Google AI Weblog: Self-Supervised Reversibility-Conscious Reinforcement Studying


An strategy generally used to coach brokers for a variety of functions from robotics to chip design is reinforcement studying (RL). Whereas RL excels at discovering methods to clear up duties from scratch, it could actually wrestle in coaching an agent to know the reversibility of its actions, which will be essential to make sure that brokers behave in a protected method inside their surroundings. As an example, robots are usually pricey and require upkeep, so one needs to keep away from taking actions that may result in damaged elements. Estimating if an motion is reversible or not (or higher, how simply it may be reversed) requires a working data of the physics of the surroundings wherein the agent is working.

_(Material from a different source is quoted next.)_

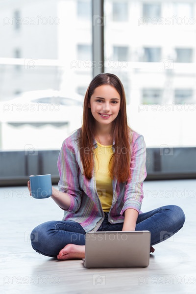 Молодая девушка серфирует в интернете на ноутбуке

Nonetheless, in the usual RL setting, brokers don’t possess a mannequin of the surroundings enough to do that.

In “There Is No Turning Again: A Self-Supervised Strategy to Reversibility-Conscious Reinforcement Studying”, accepted at NeurIPS 2021, we current a novel and sensible method of approximating the reversibility of agent actions within the context of RL. This strategy, which we name Reversibility-Conscious RL, provides a separate reversibility estimation element to the RL process that’s self-supervised (i.e., it learns from unlabeled knowledge collected by the brokers). It may be skilled both on-line (collectively with the RL agent) or offline (from a dataset of interactions). Its position is to information the RL coverage in direction of reversible conduct. This strategy will increase the efficiency of RL brokers on a number of duties, together with the difficult Sokoban puzzle sport.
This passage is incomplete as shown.